Мэтр

теги: преподавание, современники

Шестьдесят лет молчали о нем. Шестьдесят лет «не помнили». Ну, что ж, тогда и тем, кто помнил, следовало молчать. Но сейчас, когда робко, будто исподтишка, по капле начинает просачиваться имя поэта, одного из тех, кто нерушимо вписан в здание русской культуры, когда журналы уделяют то несколько строк, то несколько страниц воспоминаниям о нем, но волею авторов портрет его обрисовывается неверным, искаженным, тенденциозным — вот сейчас уже надо вмешаться, рассказать, напомнить.

Пусть не для широкой огласки, не для срочной публикации, но это должно быть написано. А написанное не исчезает. Оно живет сама по себе...

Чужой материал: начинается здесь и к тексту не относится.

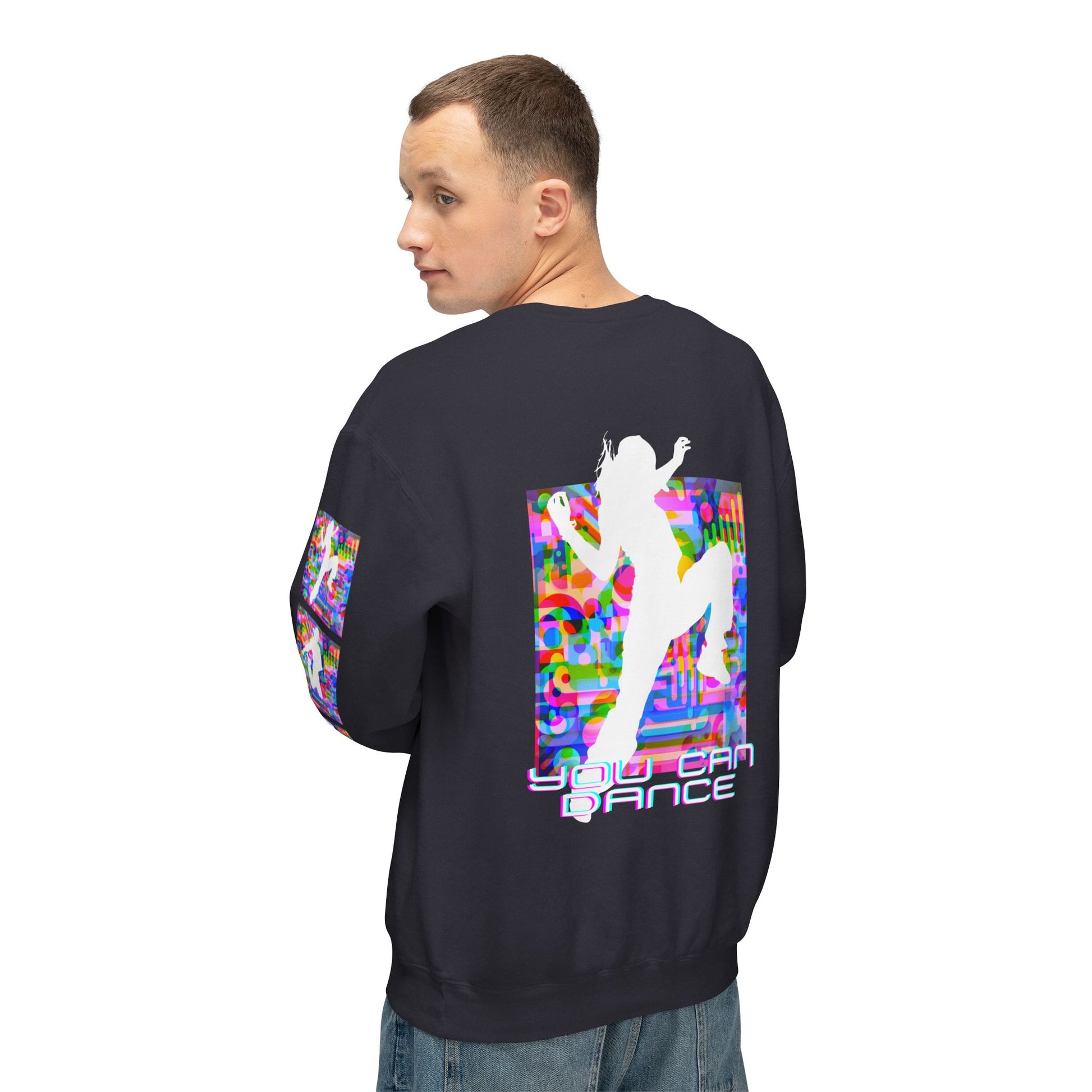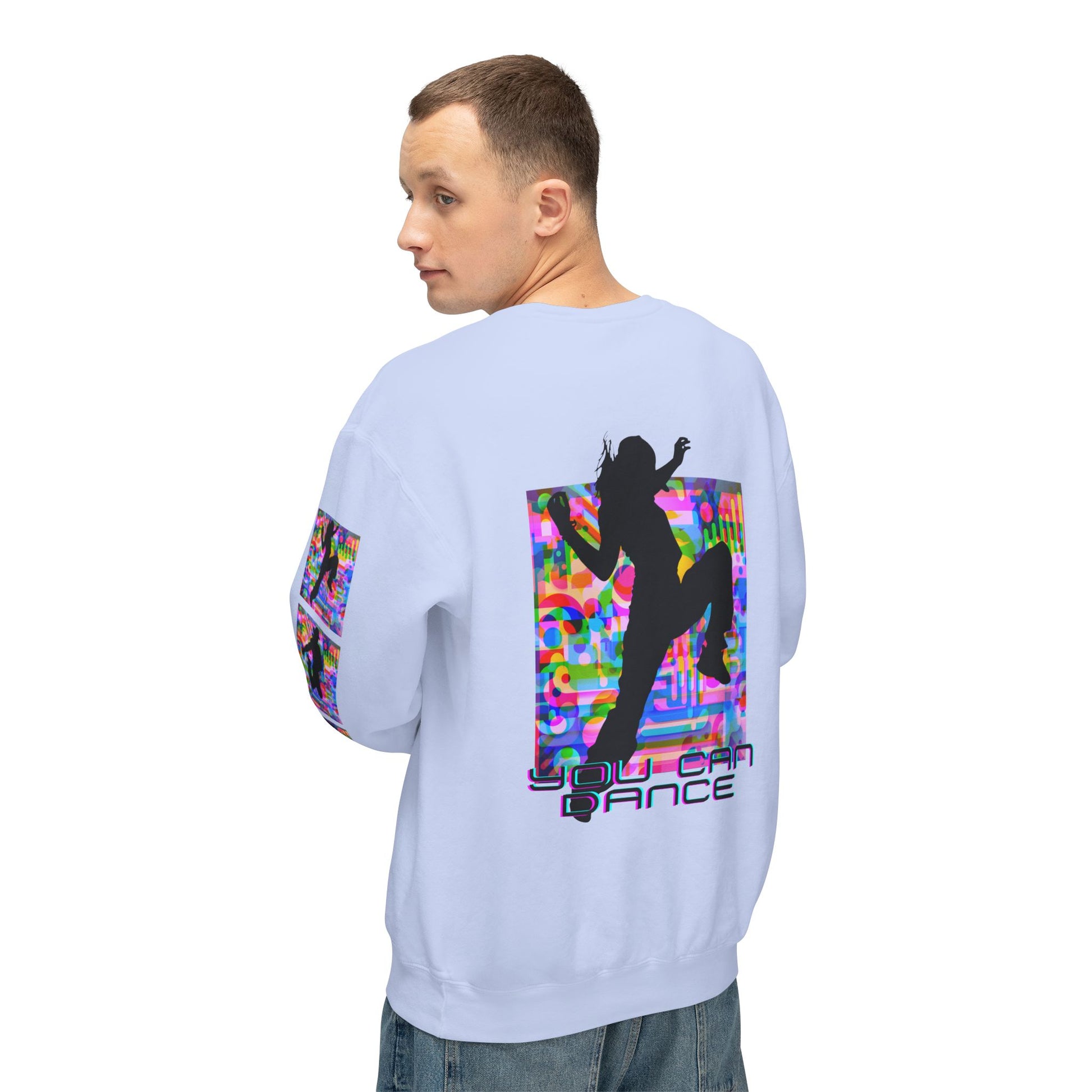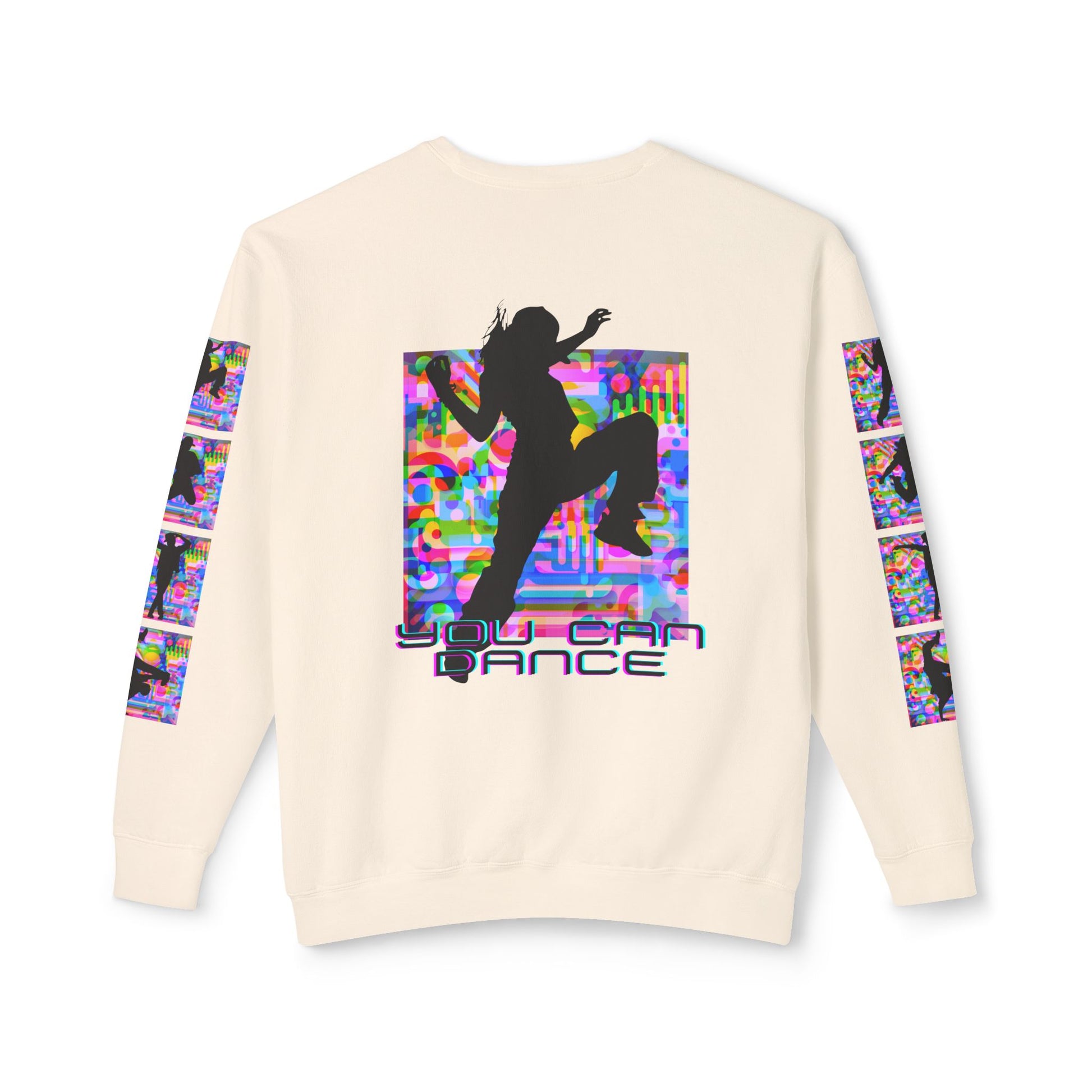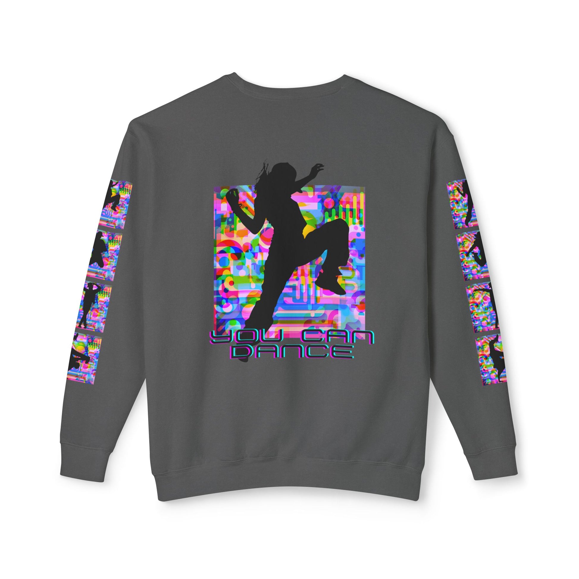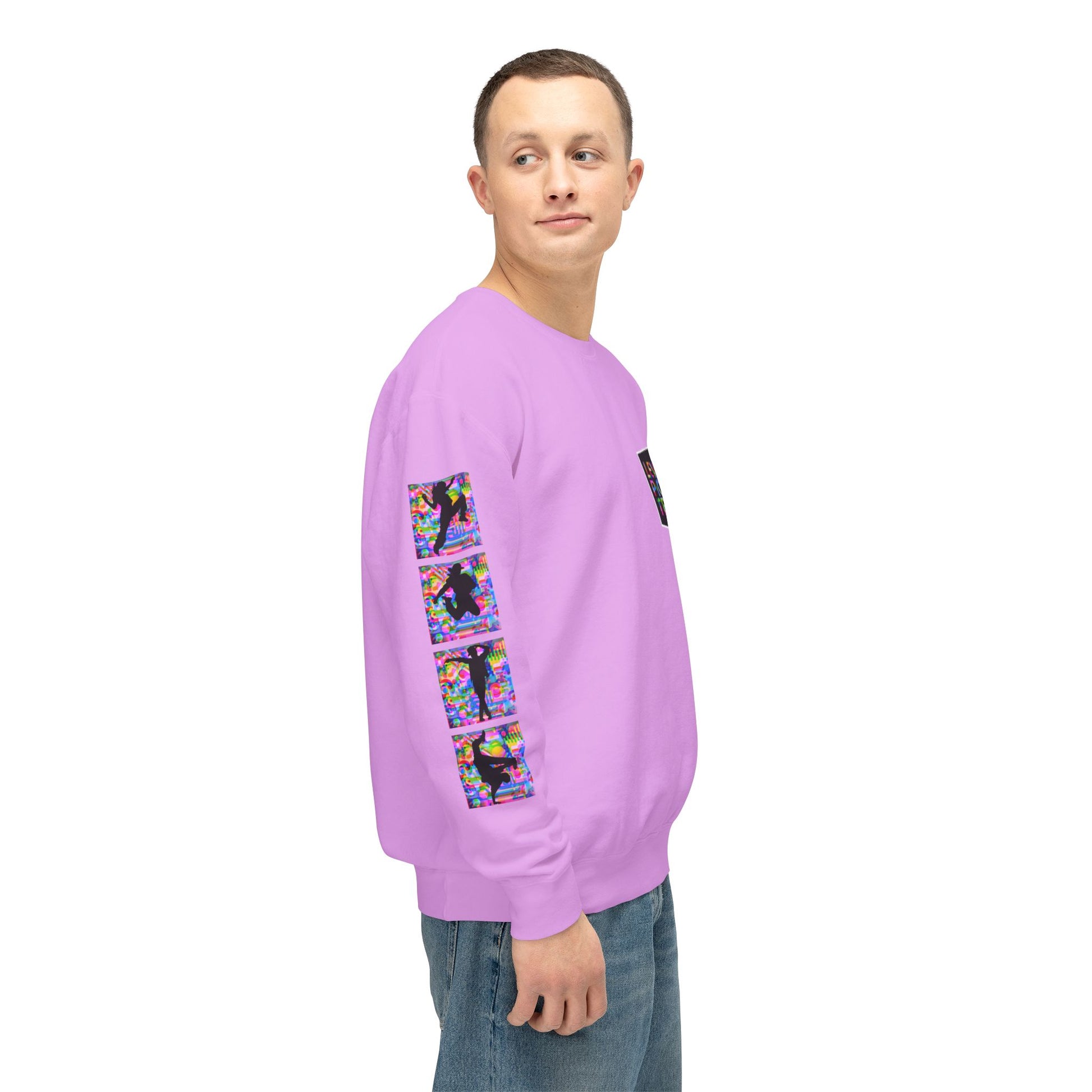 Levels Premium Collection Dance Crewneck Sweatshirt – Vibrant Unisex Streetwear Pullover with "Levels Pictures Textures" Front Text and Dancer Silhouettes on Sleeves

Когда свершилась Октябрьская революция, то в нашем юношеском сознании она была создана для нас. Все для нас, весь мир, все дороги, вся свобода — все для нас. К 20-му году мы уже кончили трудовую советскую школу и, счастливые, пошли туда, куда нам хотелось. Стоило лишь подать заявление: Фредерика — в Университет на филологический; а я в Институт Истории Искусств1. Тогда там было лишь одно изобразительное отделение. Я училась у художника Николая Эрнестовича Радлова, на отделении новейшего искусства.

Сейчас уже не помню, как мы с сестрой узнали о Доме Искусств2, о поэтической студии при нем. Сам, Дом Искусств многократно описан маститыми писателями, начиная с Ольги Форш, Слонимского, Федина — кончая Всеволодом Рождественским. Для меня этот дом на Мойке — стал любимейшим местом души моей. Сами стены этого Елисеевского особняка, внутренняя узкая скрипучая из тесного дерева лестница, белый зал — все запущенное, холодное, неживое и в то же время населенное пульсирующей новой жизнью; сами запахи этого здания — волновали, звали, манили к себе. Я не могла дождаться вечера, когда нужно будет идти на занятия в Поэтическую студию.

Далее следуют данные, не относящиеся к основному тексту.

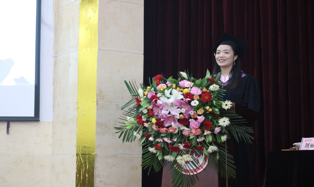 优秀毕业生代表蒲万娟发言,她总结四年来所学知识,深切地表达了对学院领导、老师的感激之情和对同学、朋友的不舍之情,以及即将踏入社会的坚定信心。祝全体毕业生,努力奋进,开启自己的人生篇章,用自己的实际行动回馈社会和母校。
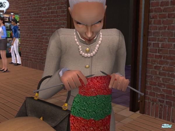 "Knit one purl one, knit one purl one. Oh, you're back to gawp are you? I was thinking, you may think I'll be gone with Sims 3. But when ever you play Sims 2, I'll be waiting! Hahahahahahahahahaha!!!!!!"
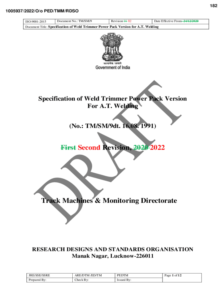 182 1005937/2022/O/o PED/MM/DSO ISO:90012015Document No.: TM/SM/9Revision 01 02Date Effective From: 24/12/2020Document Title: Specification of Weld Trimmer Power Pack Version for A.T. WeldingSpecification
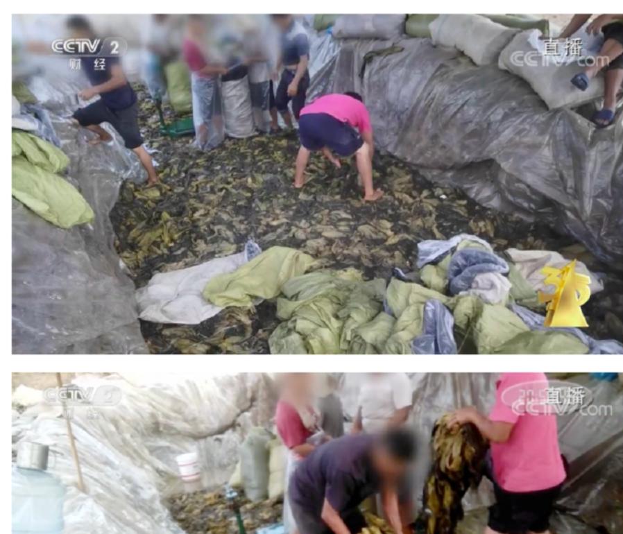 员工们在上面踩来踩去,有光着脚的,有穿着雨靴的,还有的直接抽完烟,把烟头直接扔到酸菜里。

Поэтической студией при Доме Искусств руководил Николай Степанович Гумилёв. Из всех аксессуаров этого особняка я заприметила и запомнила один. В одной из гостиных на узком круглом постаменте стоял мраморный бюст — прекрасное лицо юной женщины. Оно сквозило сквозь накинутую на него вуаль. Мраморную вуаль. Не знаю, что изображал художник, создавая эту головку — для меня в ней был образ музы поэзии. Вечно таинственной, непонятной, таящейся и прекрасной. Я полюбила и запомнила ее навсегда. Через много лет я пришла по делу в это здание (там теперь был Дом Политпросвещения). Я пришла туда по делу и в одной из комнат — канцелярии увидела эту прекрасную знакомку. Она как и прежде стояла на своем постаменте среди суеты и треска пишущих машин, никчемная сейчас, как бы заблудшая случайно в иной мир.

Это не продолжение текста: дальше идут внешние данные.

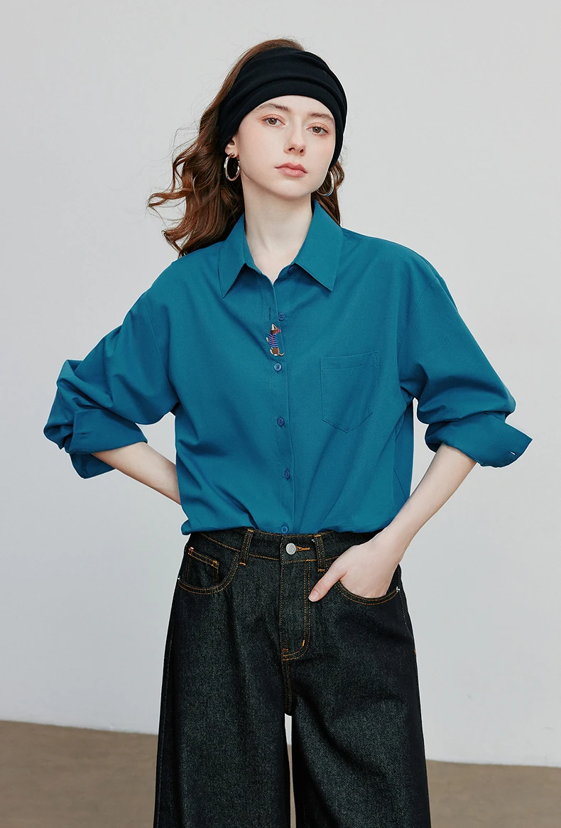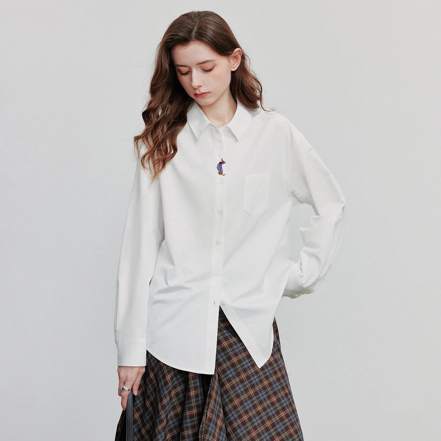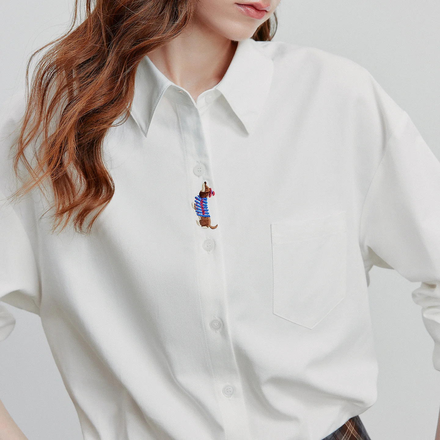 TOYOTUH Women Long Sleeve Blouse Shirt Autumn New 100% Pure Cotton Dog Embroidery Versatile Shirt Tops
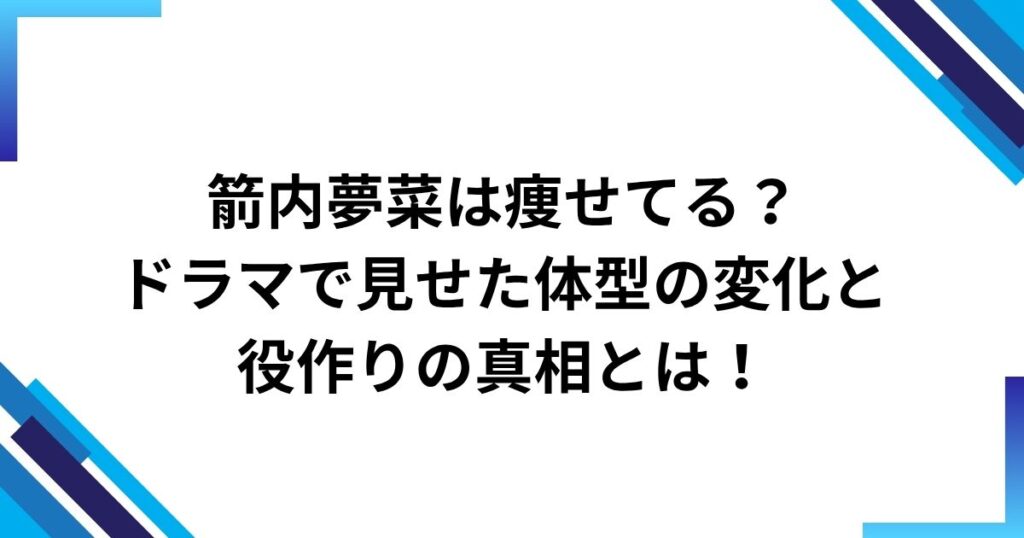 女優として数々のドラマや映画で活躍している箭内夢菜さん。 そんな箭内夢菜さんですが、最近のドラマ出演で「痩せた?」という声が多く上がっています。 箭内夢菜さんの体型に変化はあったのでしょうか? 役作りのために体重を調整したのか、それとも自然... -

...Мы занимались в узкой, длинной, ничем не примечательной комнате. За узким длинным столом. Николай Степанович сидел во главе стола, спиною к двери. Студийцы располагались вокруг стола. Как-то так получилось, что места наши закрепились за нами сами по себе. Я сидела слева от мэтра первою. Внешность поэта ничем не привлекала к себе внимания. Напротив, она могла и оттолкнуть. Очень удлиненное лицо, с мясистым, длинным носом, бритая голова, раскосые, водянисто-светлые глаза.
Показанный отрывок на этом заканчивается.